In addition, healthcare laws and regulations may change significantly in the future. Any new healthcare laws or regulations may adversely affect our business. A review of our business by courts or regulatory authorities may result in a determination that could adversely affect our operations. Also, the healthcare regulatory environment may change in a way that restricts our operations.
We are not aware of any governmental healthcare investigations involving our executives or us. However, any future healthcare investigations of our executives, our managers or us could result in significant liabilities or penalties to us, as well as adverse publicity.

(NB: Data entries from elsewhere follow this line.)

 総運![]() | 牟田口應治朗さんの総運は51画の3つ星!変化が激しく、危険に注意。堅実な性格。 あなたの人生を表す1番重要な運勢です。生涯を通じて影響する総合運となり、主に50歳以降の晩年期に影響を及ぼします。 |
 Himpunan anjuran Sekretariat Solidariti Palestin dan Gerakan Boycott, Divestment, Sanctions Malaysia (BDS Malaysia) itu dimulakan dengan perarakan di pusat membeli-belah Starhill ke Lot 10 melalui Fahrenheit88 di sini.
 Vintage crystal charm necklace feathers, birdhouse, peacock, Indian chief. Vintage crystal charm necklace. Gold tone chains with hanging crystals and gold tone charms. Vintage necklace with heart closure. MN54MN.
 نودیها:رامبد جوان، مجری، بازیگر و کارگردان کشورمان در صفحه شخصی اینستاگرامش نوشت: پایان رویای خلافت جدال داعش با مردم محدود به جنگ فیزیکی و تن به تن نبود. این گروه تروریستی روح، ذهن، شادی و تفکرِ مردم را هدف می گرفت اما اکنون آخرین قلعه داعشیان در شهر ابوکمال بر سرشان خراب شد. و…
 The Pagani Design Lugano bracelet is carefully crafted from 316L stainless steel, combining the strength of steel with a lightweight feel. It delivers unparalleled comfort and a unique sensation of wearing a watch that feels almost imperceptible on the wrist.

The majority of our operations are conducted at one facility in San Diego, California. Any disruption at this facility could increase our expenses.
We take precautions to safeguard our facilities, including insurance, health and safety protocols, and off-site storage of computer data. However, a natural disaster, such as a fire, flood or earthquake, could cause substantial delays in our operations, damage or destroy our manufacturing equipment or inventory, and cause us to incur additional expenses. The insurance we maintain against fires, floods, earthquakes and other natural disasters may not be adequate to cover our losses in any particular case.

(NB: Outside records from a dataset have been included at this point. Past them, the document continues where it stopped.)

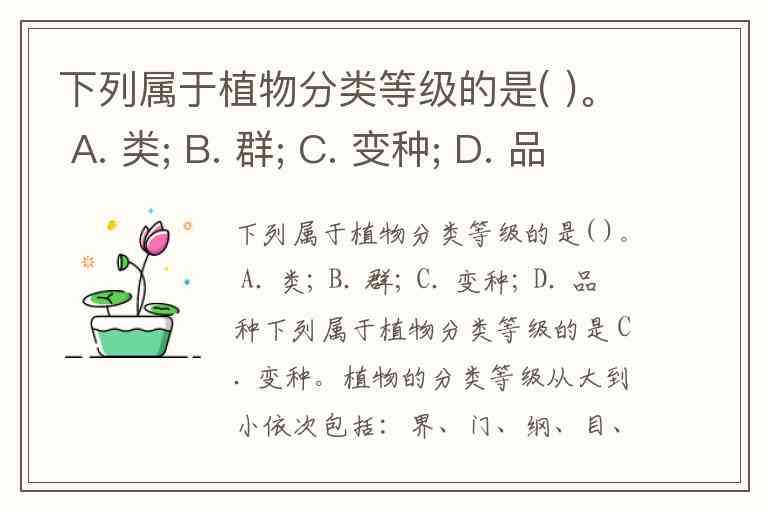 下列属于植物分类等级的是( )。 A. 类; B. 群; C. 变种; D. 品种
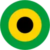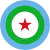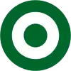 Cocarde en 3 cercles: centre rouge avec une étoile jaune, milieu en jaune, extérieur plus large en vert. |
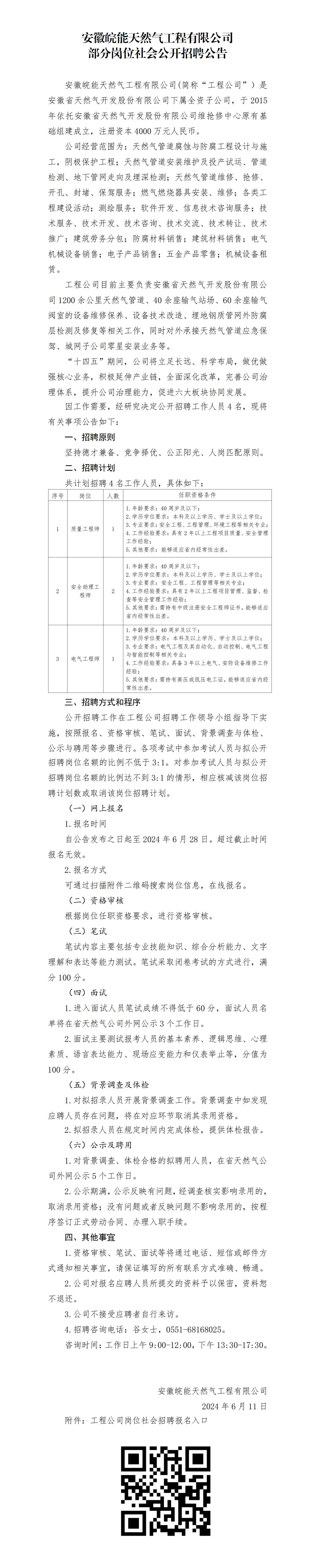 安徽皖能天然氣工程有限公司部分崗位社會公開招聘公告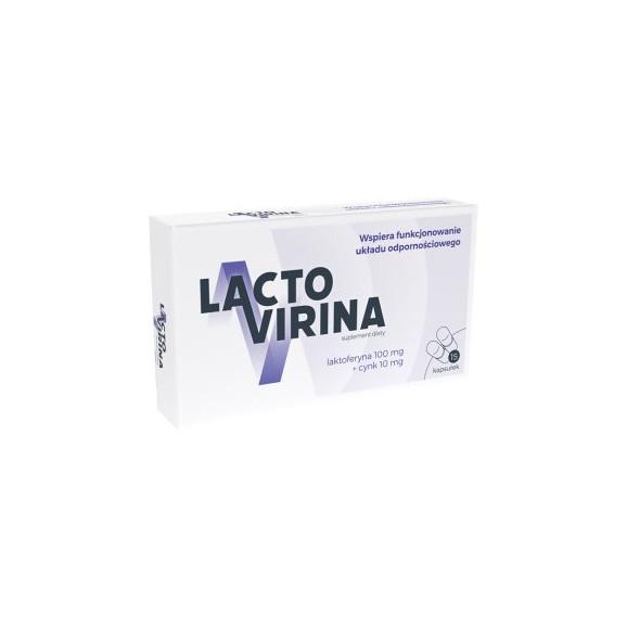 Lactovirina to suplement diety zawierający laktoferynę oraz cynk. Laktoferyna jest wielofunkcyjnym białkiem z grupy transferryn. Jest obecna w wielu płynach ustrojowych i wydzielinach gruczołów, takich jak: ślina, łzy, wydzielina błony śluzowej nosa, dróg oddechowych czy przewodu pokarmowego. Największe stężenie laktoferyny stwierdzono w siarze. Występuje ona również w mleku matki karmiącej, które dostarcza noworodkowi składników odżywczych oraz zapewnia przeciwbakteryjną ochronę. Cynk to minerał, który wspiera prawidłowe funkcjonowanie układu odpornościowego oraz pomaga w ochronie komórek przed stresem oksydacyjnym. Przyczynia się do utrzymania prawidłowego metabolizmu makroskładników odżywczych.

We may be liable for contamination or other harm caused by materials that we handle, and changes in environmental regulations could cause us to incur additional expense.

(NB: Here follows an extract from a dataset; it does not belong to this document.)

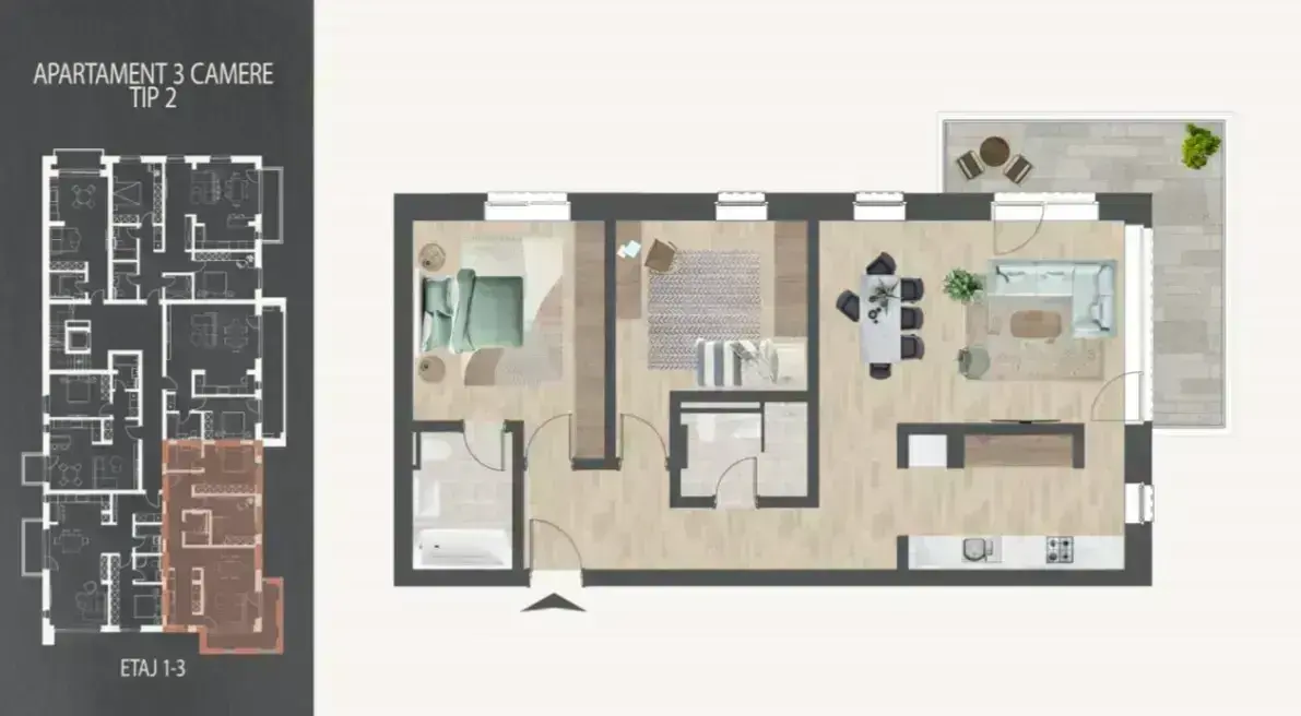 Un apartament gândit pentru viața de familie: camere luminoase, spațiu generos și un balcon unde poți savura cafeaua dimineața, în timp ce copiii se joacă în siguranță.

Our research and development and clinical processes involve the handling of potentially harmful biological materials as well as hazardous materials. We are subject to federal, state and local laws and regulations governing the use, handling, storage and disposal of hazardous and biological materials and we incur expenses relating to compliance with these laws and regulations. If violations of environmental, health and safety laws occur, we could be held liable for damages, penalties and costs of remedial actions. These expenses or this liability could have a significant negative impact on our financial condition. We may violate environmental, health and safety laws in the future as a result of human error, equipment failure or other causes. Environmental laws could become more stringent over time, imposing greater compliance costs and increasing risks and penalties associated with violations. We are subject to potentially conflicting and changing regulatory agendas of political, business and environmental groups. Changes to or restrictions on permitting requirements or processes, hazardous or biological material storage or handling might require an unplanned capital investment or relocation. Failure to comply with new or existing laws or regulations could harm our business, financial condition and results of operations.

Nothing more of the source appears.